When it comes to recommendation systems (or machine-learning in general) often all the data you need won't be in the same spot. For example, you might have your interaction event data in BigQuery, your user data in Postgres and your item catalog in MySQL. This is usually one of the reasons it's so hard to get started with machine-learning, coercing all this data into one place as a unified schema can be tricky! It only get's harder when you move from the experimental stage to production as continuous ETL or stream pipelines need to be built that are robust to data quality issues and can maintain data consistency constraints.

Shaped makes it easy to handle this problem by providing connectors to all of the common areas you'd store recommendation data. These connectors can be used in the create model queries to flexibly choose what user, item, interaction and filter data is needed for your model. Under-the-hood Shaped parses these DuckDB syntax queries and builds ETL and stream pipelines to ingest your data with the required freshness for your use-case.

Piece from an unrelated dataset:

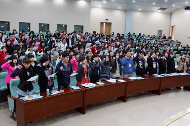 本次培训旨在提高汉语教师志愿者对汉语国际推广工作战略意义的认识,增强光荣感、责任感和使命感,使之具备较好的汉语作为第二语言教学的教学技能、课堂管理技能、中华文化传播技能和跨文化交际能力,迅速适应赴任国生活,胜任志愿服务工作,成为合格的中外友好交流民间使者。我校承办的2012年第二期孔子学院/课堂志愿者储备培训班共计167人,由来自全国17所高校的应届本科毕业生、在读硕士研究生组成。他们将在我校通过为期两个多月的培训,经考核合格后赴欧、亚、非三大洲28个国家担任汉语教师志愿者工作。本次培训注重理论与实践相结合,教师讲授与学生试讲、案例分析、课堂讨论相结合。包括:志愿精神与汉语教师志愿者、教学与管理、教材与网络资源的利用、教学观摩与实践、当代中国国情与中华文化、中华才艺、能力拓展、涉外教育、跨文化交际与赴任指导、赴任国语言等课程,使志愿者经过集中培训掌握良好的对外志愿服务能力,完成传播中华文化、促进中外友好的光荣使命。 会上,孙玉华院长代表大连外国语学院向各位老师和学员的到来表示热烈的欢迎和亲切的问候,对国家汉办长期以来对大连基地的支持和信任表示由衷的感谢。她说,此次,国家汉办将孔子学院志愿者培训工作交给大连基地,是对大外的充分信任,也赋予了大外莫大的荣誉和使命。近年来,作为国家汉办在全国设立的19家汉语国际推广基地之一,我校先后承担了孔子学院中方院长培训、各类汉语教师志愿者培训以及海外汉语教师教材培训等,具有丰富的对外汉语培训经验。在座的各位学员是中华文化的播种机,是中外友谊的民间使者,更是推进汉语国际推广这项功在当代、利在千秋的“非常之事”的“非常之人”,使命神圣,催人奋进。我真诚地希望各位学员将本次培训当成一次“造血”,而非“输血”,希望本次培训能够全面激发大家的学习潜能,提供一把赴任海外后独立解决各种问题的“钥匙”,更希望同学们能进一步增强荣誉感、责任感和使命感,全面提高汉语教学技能、中华文化传播能力及跨文化交际能力,能够迅速适应国外生活,胜任志愿服务工作。大连外国语学院将以高度负责的精神、争创一流的标准、严谨求实的作风和一丝不苟的态度,强化责任、细化措施,精益求精,举全校之力将本次培训办出特色、办出水平。 培训班学员梁晶晶代表全体学员向国家汉办、大连外国语学院的各位领导、专家和老师们表示衷心的感谢,做出以下四点郑重承诺:一是坚定为国际汉语教育事业服务的理想信念,勇于承担志愿者的使命和责任;二是掌握汉语教学、文化传播、跨文化交际等实用技能;三是全身心投入培训,虚心学习,遵守培训纪律;四是提高自身综合素质,完善专业知识。她表示,经过此次培训,我们每一位怀抱汉语梦的志愿者都将如愿以偿,成长为具有世界公民意识、具有国际化视野的青年,在汉语国际教育的第一线发挥自己的力量。我们定会牢记肩负的“光荣感、使命感、责任感”,满怀“激情、热情、感情”,不负志愿者的光荣,为汉语和中华文化推广事业的美好明天努力奋斗。 教师代表潘先军代表我校的全体教师向远道而来的各位同学表示热烈欢迎,他说,为了本次培训,我们的老师、工作人员和服务人员都已经做好准备,将用丰富多彩的授课形式、深入浅出的知识讲解、饱满的工作热情、周到细致的服务迎接你们到来。大外是一所以外语为主,以国际化办学为特色,多学科相互支撑、协调发展的多科性外国语大学,积淀了优良的学术传统和深厚的人文精神。他希望学员们在本次培训中能够收获丰富的知识,打下坚实的基础,做好知识和心理上的各项准备,成为一名合格的青年志愿者。要发扬志愿者的奉献精神,用自己的知识储备和个人魅力,传播汉语和中国文化,发展友谊促进交流,为中国的和平崛起和实现国家语言文化走出去战略做出自己的一份贡献。 柳振万书记走上讲台,向培训班代表郑重授旗,引发全场热烈掌声。之后,培训班全体学员举行了庄严的宣誓仪式。 会后合影间隙,一位来自云南的学员向记者表达了自己的切身感受。她说:“在这春暖花开、生机勃发的美好时节来到大连,深深体会到大外的美和独特魅力——师生员工的亲人般的热情、大外美誉的名实相符和上上下下蓬勃向上的活力,明白了国家汉办把志愿者培训工作交给大外的原因。这既是国家汉办的信任,也是我们全体学员的信任,相信我们在这样一所国内外闻名的外国语大学学习,是一段终生难忘的时光,将会推动我们用青春和汗水去寻求通往未来的成功之路。”

This guide runs through how to create a model using more than one connector, and transforming the data from each connector into a unified schema for your model.

Connecting Your Data

To connect your data you'll need to create a dataset in Shaped for each of your data sources, you can visit the BigQuery, Postgres and S3 pages to learn how. Once you've created your datasets you can reference them in your model configuration file by their dataset name.

A Familiar User, Item & Events Model

Recall the video recommendation model we built in Adding User, Item & Event Features guide. If you recall, there were three datasets used in that model, video_ratings, video_catalog and video_users. In this guide, we'll use the same datasets but from different data sources.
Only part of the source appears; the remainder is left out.